On Sunday, after SI.com reported that Rodriguez would opt out of his contract and become a free agent, New York Yankees senior vice president Hank Steinbrenner told the New York Times, “Does he want to go into the Hall of Fame as a Yankee, or a Toledo Mud Hen?”
And the $350 million contract was offered -- with some big time incentives.
The Mud Hens also prepared a letter that they plan to mail to Rodriguez’s agent, Scott Boras. Included is a contract offer with incentives if he hits 75 home runs per season and leads Toledo to 10 straight Governors’ Cup titles.
That's all?
The New York Times catches up with the story today. No, not catches up with it. Adds on to it. The question here is, "Could Alex Rodriguez meet the offensive incentives in Toledo?"
Rodriguez’s production with Toledo can be estimated using a series of formulas known as Minor League Equivalencies.
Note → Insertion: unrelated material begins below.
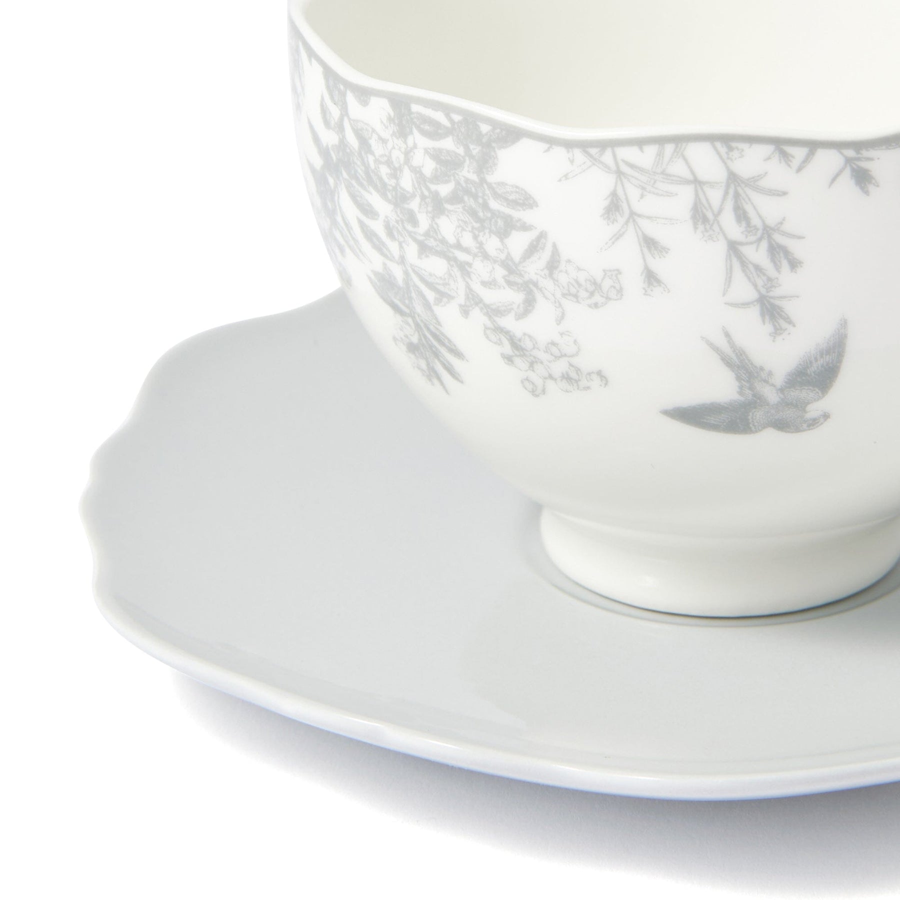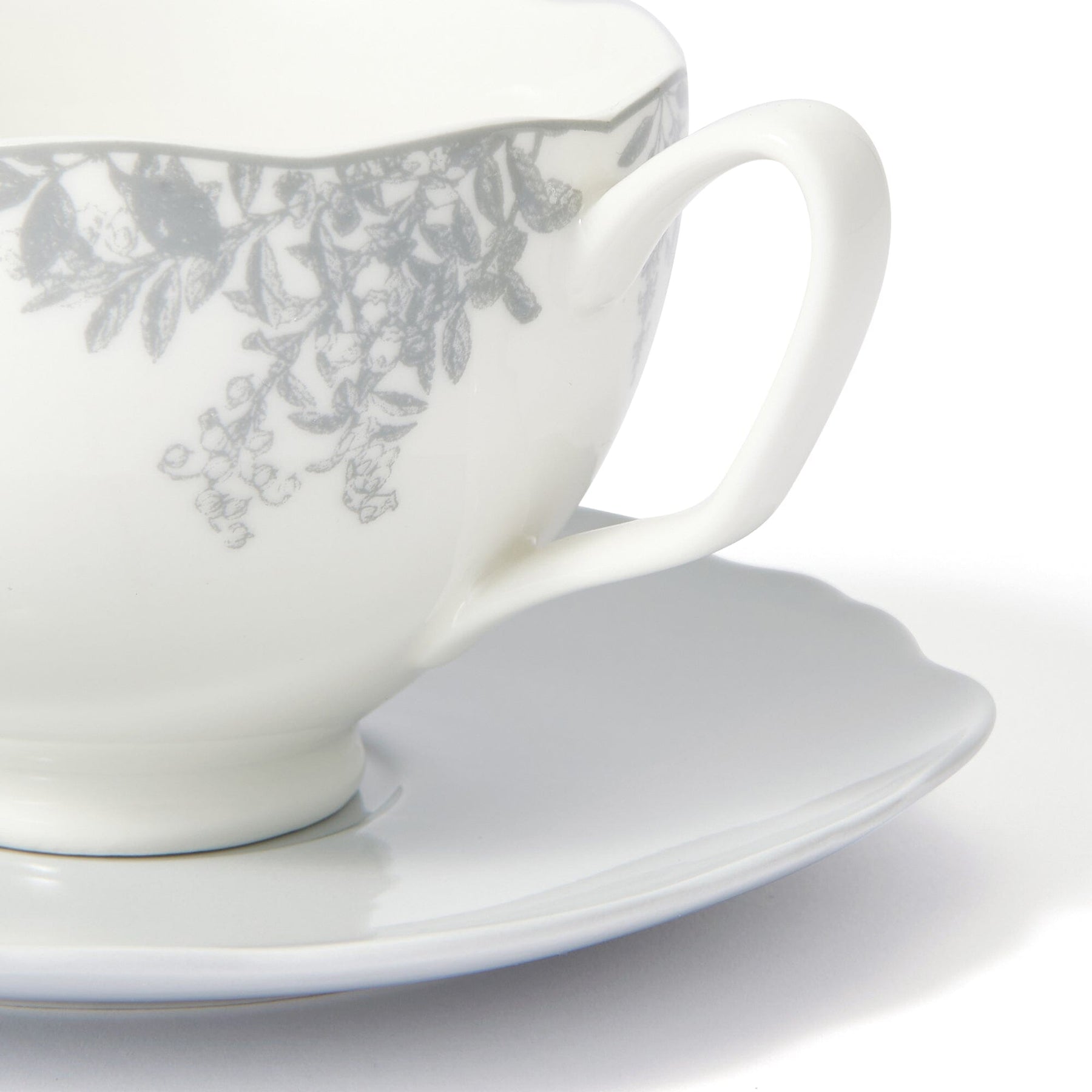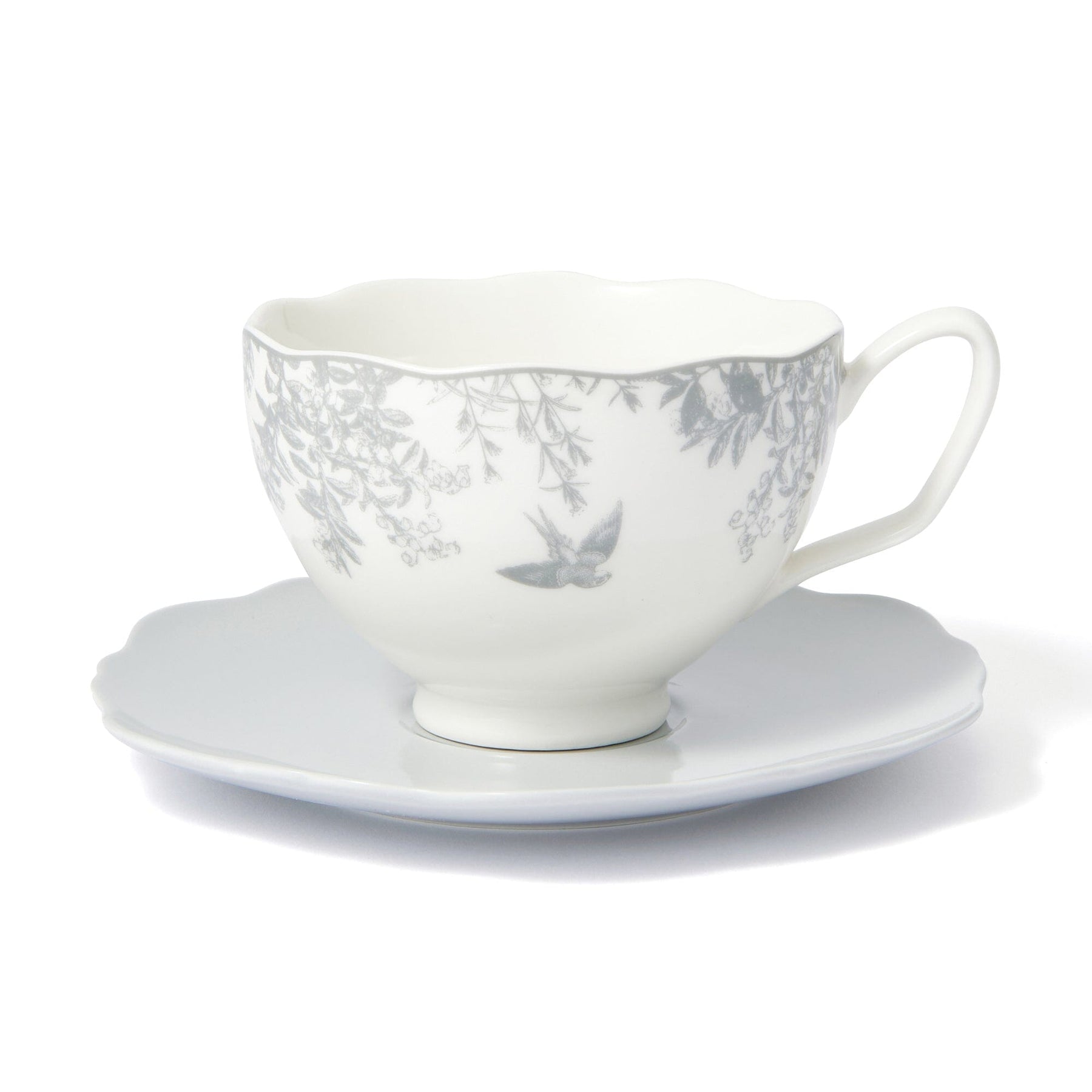 This cup and saucer features a classic and elegant Toile de Jouy pattern.

By studying the effect that promotion to the big leagues has had on component statistics like doubles and strikeouts for the thousands of players who have gone to the majors from the minors, analysts have developed equations to translate statistics between competition levels. And although the formulas are typically used to evaluate minor league prospects, they are equally reliable when applied in reverse.
The most popular Minor League Equivalency system, designed by Clay Davenport of Baseball Prospectus, estimates that the weaker competition at Class AAA should increase a major leaguer’s home runs by about a third. But home runs in general are 25 percent less common in the Mud Hens’ International League than they are in the American League.
Moreover, Toledo plays in a pitchers’ park, which suppresses home runs by more than 10 percent. And the Mud Hens’ season is 143 games, compared with 162 in the majors. With this model, Rodriguez’s .314 batting average and 54 home runs with the Yankees translates to .326 and 50 with Toledo.
So if not with Toledo, where could Rodriguez hit 75 homers? Dan Szymborski of the Web site baseballthinkfactory.com said Rodriguez would have to dip to Class A.
The most homer-friendly environment at that level can be found in a patch of scrubland in the Mojave Desert, about 80 miles northeast of Los Angeles at 3,000 feet above sea level. The High Desert Mavericks, the Seattle Mariners’ farm club in the California League, play there in a 3,800-seat stadium. If Rodriguez could repeat his 2007 performance for the Mavericks, Davenport found that he would hit 75 home runs while batting .401 with 207 R.B.I.
There is a little about the Stadium of the Yakult Swallows of Japanese baseball (less than 300 feet down each line and only 340' to the power alleys) and by using the equivalencies the formula figures that A-Rod could hit 94 homers for the Swallows.
Long way to go to get to the title of the post, but here are the last two paragraphs of the NYT story.
There is, however, one thing Minor League Equivalencies do not account for: the responses of opposing managers. In 2001, Barry Bonds set the major league single-season record with 73 home runs. In the succeeding three years, he hit no more than 46, largely because other teams stopped pitching to him. He drew 120 intentional walks in 2004 alone. In Greek mythology, the gods punished Tantalus for his misdeeds by hanging over his head a tree whose fruit receded out of reach every time he sought to grab it. Seventy-five home runs, at any level, may prove to be the baseball equivalent of Tantalus’s fruit: the closer one gets to it, the farther opposing pitchers can pull it away.
Yep, the myth of Tantalus (where we get the word tantalize) is the first thing that popped into my head as I read this story.